In the summer of 1987, an East Los Angeles priest led 200 parishioners on a crusade to the Laguna Hills home of Harold Ezell, western regional commissioner for the U.S. Immigration and Naturalization Service.
In surroundings as foreign to their own living conditions as a distant planet, the demonstrators sang hymns and prayed for 2 hours that they might have a grace period to prevent their families from being divided by deportation. They chose Ezell's home for their demonstration because over the past few years he has come to symbolize--more than any other individual--the hard-line treatment of illegal aliens.
He wasn't there that day. "We were notified ahead of time that they were coming," says Ezell's wife, Lee, "so I left notes in our neighbors' mailboxes about what was going to happen, and then I took him to the mall."
It may have been one of the few times in his life that Harold Ezell deliberately avoided a confrontation.
Ezell probably makes the newspapers more frequently than any other public official in Orange County--almost always negatively. Hardly a month passes that someone isn't trying to get him fired, usually after published quotes similar to his recent charge that the reports of death threats to Central American political refugees being given sanctuary in Southland churches are "part of an orchestrated PR campaign." The outrage after that one was palpable. One of the milder comments came from one church leader who called his remarks "the most insensitive response I could imagine from anyone."
Admittedly, hostility goes with Ezell's job territory, but he also manages to help it along, often quite creatively. He can't do anything about the fact that he was the first political appointee in this job in two decades or that he came to it after 11 years as an executive of Wienerschnitzel International, both looked on by his opponents with derision as qualifications for the job he now holds. But his working style of meeting controversy frontally--and often with painful candor--is both disarming and distressing, enough so that his boss in Washington admitted that he found some of Ezell's public statements "too strong" and accordingly directed him to "show better care in choosing his words."
But that's like telling Tommy Lasorda to play it cool. One of Ezell's more fascinating--and frequently infuriating--attributes is that he's almost impossible to pigeonhole. One week he is conducting busloads of Kiwanians on tours of the border area and preaching hard-line enforcement, and the next week he's out putting on shows to get aliens to sign up for amnesty. He's a constantly moving target, but unlike many public officials who have to deal with a frequently hostile image, he never ducks a confrontation, is never hard to find, and never avoids expressing an opinion.

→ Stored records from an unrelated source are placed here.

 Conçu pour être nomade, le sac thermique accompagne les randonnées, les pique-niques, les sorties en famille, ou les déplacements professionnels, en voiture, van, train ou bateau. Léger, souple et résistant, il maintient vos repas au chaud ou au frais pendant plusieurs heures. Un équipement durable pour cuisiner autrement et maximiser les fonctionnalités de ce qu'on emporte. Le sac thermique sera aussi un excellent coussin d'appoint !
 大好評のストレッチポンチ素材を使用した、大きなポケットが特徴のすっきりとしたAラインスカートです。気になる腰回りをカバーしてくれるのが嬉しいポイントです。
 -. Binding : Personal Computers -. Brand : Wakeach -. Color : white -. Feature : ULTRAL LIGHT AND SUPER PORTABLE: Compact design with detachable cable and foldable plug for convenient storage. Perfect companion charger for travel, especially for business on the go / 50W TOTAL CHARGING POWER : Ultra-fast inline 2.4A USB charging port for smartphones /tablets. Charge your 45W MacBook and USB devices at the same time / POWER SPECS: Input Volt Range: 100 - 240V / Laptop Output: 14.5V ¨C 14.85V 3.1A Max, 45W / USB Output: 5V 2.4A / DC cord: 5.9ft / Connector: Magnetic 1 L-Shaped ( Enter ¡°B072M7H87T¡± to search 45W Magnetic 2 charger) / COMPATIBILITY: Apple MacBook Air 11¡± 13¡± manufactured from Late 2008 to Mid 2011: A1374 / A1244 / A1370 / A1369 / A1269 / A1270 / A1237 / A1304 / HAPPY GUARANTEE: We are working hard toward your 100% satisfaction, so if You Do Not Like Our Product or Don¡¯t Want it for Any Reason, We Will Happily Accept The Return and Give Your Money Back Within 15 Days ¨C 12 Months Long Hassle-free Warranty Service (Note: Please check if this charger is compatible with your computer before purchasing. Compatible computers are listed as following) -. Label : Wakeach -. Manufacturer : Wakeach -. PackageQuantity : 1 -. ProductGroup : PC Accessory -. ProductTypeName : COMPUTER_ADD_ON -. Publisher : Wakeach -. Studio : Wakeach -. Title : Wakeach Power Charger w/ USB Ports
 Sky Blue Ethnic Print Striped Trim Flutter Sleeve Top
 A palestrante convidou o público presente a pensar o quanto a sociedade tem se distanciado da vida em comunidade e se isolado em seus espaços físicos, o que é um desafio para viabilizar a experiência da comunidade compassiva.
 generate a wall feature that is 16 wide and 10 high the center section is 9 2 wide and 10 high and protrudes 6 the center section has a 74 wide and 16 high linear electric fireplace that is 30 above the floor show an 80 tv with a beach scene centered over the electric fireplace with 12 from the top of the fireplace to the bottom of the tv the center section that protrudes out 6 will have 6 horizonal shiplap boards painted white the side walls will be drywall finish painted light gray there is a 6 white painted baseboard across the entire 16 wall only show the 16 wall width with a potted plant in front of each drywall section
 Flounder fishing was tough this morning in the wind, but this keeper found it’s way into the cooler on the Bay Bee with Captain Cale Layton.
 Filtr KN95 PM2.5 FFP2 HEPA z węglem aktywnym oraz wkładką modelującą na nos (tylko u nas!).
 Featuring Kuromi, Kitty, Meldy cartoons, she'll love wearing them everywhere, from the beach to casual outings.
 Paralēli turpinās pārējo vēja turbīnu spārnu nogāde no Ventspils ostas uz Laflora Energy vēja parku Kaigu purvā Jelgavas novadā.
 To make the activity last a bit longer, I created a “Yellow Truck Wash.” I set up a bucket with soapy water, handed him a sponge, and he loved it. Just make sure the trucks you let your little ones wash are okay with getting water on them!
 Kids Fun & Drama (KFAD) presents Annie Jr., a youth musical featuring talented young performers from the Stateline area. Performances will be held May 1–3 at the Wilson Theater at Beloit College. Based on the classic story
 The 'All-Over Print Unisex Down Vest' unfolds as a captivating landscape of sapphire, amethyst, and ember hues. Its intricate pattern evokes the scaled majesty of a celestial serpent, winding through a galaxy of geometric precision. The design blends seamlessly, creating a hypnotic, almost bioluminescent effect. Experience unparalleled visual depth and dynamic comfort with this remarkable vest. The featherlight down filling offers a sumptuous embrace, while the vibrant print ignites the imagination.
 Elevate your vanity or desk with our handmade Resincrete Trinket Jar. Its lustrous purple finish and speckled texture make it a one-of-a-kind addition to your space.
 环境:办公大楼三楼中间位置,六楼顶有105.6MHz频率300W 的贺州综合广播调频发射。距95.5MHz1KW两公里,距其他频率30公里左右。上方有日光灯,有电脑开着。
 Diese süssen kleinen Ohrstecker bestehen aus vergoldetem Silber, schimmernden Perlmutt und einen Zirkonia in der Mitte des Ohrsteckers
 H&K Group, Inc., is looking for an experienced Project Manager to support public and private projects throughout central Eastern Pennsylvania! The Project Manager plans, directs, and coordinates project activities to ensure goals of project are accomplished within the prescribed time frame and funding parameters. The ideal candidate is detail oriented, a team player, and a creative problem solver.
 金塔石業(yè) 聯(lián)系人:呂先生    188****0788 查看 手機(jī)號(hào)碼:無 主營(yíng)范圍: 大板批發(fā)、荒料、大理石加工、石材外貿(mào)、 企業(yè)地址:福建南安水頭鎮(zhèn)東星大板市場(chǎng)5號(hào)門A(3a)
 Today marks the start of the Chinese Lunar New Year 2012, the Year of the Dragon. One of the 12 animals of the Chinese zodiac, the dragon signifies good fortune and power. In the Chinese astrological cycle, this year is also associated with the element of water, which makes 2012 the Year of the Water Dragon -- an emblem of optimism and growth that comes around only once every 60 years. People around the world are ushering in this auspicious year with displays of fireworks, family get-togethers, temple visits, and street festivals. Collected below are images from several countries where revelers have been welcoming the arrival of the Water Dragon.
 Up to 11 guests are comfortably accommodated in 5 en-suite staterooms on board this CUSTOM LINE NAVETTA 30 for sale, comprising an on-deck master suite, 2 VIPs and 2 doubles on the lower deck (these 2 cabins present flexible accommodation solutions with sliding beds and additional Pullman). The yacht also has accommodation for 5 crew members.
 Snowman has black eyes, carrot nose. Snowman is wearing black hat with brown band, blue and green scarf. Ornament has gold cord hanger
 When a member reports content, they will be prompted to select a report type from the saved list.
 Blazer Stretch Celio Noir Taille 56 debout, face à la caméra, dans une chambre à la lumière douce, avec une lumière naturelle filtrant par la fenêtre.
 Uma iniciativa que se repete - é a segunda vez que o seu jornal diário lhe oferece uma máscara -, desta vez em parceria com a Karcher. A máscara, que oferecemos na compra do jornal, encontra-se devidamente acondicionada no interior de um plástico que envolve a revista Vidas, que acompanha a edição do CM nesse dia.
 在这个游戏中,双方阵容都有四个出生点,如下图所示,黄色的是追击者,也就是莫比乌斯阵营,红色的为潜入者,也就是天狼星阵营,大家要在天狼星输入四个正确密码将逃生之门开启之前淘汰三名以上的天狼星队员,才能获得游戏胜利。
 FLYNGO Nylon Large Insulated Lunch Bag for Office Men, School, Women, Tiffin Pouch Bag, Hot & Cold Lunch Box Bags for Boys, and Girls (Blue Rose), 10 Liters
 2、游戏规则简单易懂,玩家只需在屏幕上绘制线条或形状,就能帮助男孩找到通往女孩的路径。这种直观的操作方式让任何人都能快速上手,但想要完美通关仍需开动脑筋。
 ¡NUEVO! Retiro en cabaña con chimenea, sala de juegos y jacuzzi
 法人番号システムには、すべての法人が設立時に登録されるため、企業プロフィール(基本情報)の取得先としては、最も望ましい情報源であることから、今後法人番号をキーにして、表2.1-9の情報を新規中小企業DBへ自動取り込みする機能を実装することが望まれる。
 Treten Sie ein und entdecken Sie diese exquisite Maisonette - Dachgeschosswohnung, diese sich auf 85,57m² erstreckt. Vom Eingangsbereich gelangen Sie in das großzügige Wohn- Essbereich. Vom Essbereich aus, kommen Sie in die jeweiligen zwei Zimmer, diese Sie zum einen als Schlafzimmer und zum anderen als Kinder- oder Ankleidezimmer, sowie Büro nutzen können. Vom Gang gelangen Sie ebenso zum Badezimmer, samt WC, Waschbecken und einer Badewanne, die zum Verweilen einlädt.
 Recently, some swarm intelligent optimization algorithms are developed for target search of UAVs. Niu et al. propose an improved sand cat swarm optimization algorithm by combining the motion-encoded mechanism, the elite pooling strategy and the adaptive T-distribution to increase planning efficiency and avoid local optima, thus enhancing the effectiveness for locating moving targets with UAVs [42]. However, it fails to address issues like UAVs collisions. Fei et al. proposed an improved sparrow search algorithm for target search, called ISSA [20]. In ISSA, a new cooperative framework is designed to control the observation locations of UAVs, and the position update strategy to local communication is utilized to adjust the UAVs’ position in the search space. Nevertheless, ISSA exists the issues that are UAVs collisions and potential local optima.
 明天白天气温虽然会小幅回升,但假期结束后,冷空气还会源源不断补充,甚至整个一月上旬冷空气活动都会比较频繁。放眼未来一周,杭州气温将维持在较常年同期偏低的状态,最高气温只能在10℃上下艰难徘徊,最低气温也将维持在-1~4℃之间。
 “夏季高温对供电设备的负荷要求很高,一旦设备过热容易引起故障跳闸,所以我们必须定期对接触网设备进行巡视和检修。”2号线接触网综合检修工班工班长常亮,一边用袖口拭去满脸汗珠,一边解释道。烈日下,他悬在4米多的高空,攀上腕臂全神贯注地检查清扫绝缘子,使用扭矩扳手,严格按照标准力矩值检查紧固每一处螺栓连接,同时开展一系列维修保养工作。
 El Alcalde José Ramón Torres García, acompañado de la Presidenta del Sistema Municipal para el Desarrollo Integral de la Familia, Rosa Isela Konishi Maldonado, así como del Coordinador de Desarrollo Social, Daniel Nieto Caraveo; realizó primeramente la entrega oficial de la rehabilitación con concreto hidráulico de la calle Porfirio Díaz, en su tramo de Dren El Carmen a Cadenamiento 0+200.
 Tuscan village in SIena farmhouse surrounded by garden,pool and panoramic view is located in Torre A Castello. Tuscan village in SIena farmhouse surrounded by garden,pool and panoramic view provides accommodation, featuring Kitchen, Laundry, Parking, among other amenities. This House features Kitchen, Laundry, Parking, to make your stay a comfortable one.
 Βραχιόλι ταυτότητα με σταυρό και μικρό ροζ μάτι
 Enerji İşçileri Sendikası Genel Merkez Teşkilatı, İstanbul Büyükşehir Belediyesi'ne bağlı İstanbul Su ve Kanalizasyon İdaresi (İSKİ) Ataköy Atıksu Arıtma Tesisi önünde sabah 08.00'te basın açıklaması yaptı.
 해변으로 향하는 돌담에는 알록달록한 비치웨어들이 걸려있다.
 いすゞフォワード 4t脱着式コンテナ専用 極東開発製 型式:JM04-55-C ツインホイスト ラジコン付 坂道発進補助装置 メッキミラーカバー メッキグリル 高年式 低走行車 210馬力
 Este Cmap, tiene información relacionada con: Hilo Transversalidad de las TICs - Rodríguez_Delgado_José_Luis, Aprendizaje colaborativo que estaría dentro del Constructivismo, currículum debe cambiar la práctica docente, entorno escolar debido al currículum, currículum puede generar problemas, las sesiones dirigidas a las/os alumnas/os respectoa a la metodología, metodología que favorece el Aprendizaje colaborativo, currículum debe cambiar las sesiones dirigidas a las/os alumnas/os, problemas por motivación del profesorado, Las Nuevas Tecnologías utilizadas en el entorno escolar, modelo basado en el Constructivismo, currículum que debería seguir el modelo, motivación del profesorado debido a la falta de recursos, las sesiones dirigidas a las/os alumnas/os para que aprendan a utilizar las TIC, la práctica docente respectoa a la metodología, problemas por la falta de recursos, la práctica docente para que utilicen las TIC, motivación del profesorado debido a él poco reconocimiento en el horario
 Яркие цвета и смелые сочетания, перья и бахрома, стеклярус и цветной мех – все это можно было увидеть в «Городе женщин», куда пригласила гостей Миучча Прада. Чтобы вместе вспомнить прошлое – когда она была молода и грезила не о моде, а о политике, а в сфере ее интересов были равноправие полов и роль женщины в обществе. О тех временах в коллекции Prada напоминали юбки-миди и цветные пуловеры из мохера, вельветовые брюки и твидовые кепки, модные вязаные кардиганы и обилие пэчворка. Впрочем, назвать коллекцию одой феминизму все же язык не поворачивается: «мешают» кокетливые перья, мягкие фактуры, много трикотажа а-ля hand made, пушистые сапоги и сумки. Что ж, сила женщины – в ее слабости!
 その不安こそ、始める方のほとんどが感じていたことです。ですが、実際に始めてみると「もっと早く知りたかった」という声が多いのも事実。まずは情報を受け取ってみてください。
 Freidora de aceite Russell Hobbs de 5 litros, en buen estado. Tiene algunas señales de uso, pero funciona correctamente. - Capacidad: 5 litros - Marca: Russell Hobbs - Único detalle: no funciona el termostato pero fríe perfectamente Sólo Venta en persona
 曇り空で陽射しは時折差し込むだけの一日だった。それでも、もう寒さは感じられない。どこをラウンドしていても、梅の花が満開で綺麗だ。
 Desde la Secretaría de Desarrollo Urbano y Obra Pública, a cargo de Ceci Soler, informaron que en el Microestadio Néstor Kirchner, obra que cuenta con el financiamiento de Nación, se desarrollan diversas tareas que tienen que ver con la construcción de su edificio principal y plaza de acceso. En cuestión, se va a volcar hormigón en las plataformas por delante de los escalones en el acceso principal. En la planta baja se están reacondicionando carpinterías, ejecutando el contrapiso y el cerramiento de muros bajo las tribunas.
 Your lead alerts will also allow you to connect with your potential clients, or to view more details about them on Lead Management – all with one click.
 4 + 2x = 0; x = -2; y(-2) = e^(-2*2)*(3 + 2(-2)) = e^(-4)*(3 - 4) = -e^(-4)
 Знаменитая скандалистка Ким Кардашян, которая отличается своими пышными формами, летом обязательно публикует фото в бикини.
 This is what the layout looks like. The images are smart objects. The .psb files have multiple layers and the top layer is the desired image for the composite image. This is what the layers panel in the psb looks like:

"It sets my teeth on edge," he said, "whenever I hear a public official say, 'No comment.' "
He showed up at an Irvine restaurant with his warm and attractive wife en route to a ceremony at the Crystal Cathedral at which Religious Heritage of America would honor the Ezells with its California Community Award for "demonstrating the highest ideals of America's religious heritage."
He doesn't fit the hard-liner image very snugly. He's chunky with a generous head of curly hair, an almost cherubic face, rimless eyeglasses and a manner of speaking that vacillates between diffidence, passion and humor, all coated with a heavy layer of self-assurance.
We talked a few days after Ezell was in the headlines once again because one of his agents had gone into a Catholic church in Orange during Mass to capture two illegal aliens.
Ezell sighed. "My agent was Hispanic and Catholic. He was also very young. He had his hands on both of them when they hit the door of the church. He followed them inside and asked them to step outside with him when they said they had no papers. It was all over in less than 60 seconds, and he still insists that no Mass was going on. I was at a staff meeting, and I knew as soon as I got the call it was going to hit the fan.
"This hasn't happened before, and I don't expect it to happen again. The inexperience on the part of the agent contributed to it, but it also made me realize that I needed specific guidelines for every situation. And that will be done."
(The guidelines--including tough restrictions on entering churches--were announced earlier this week.)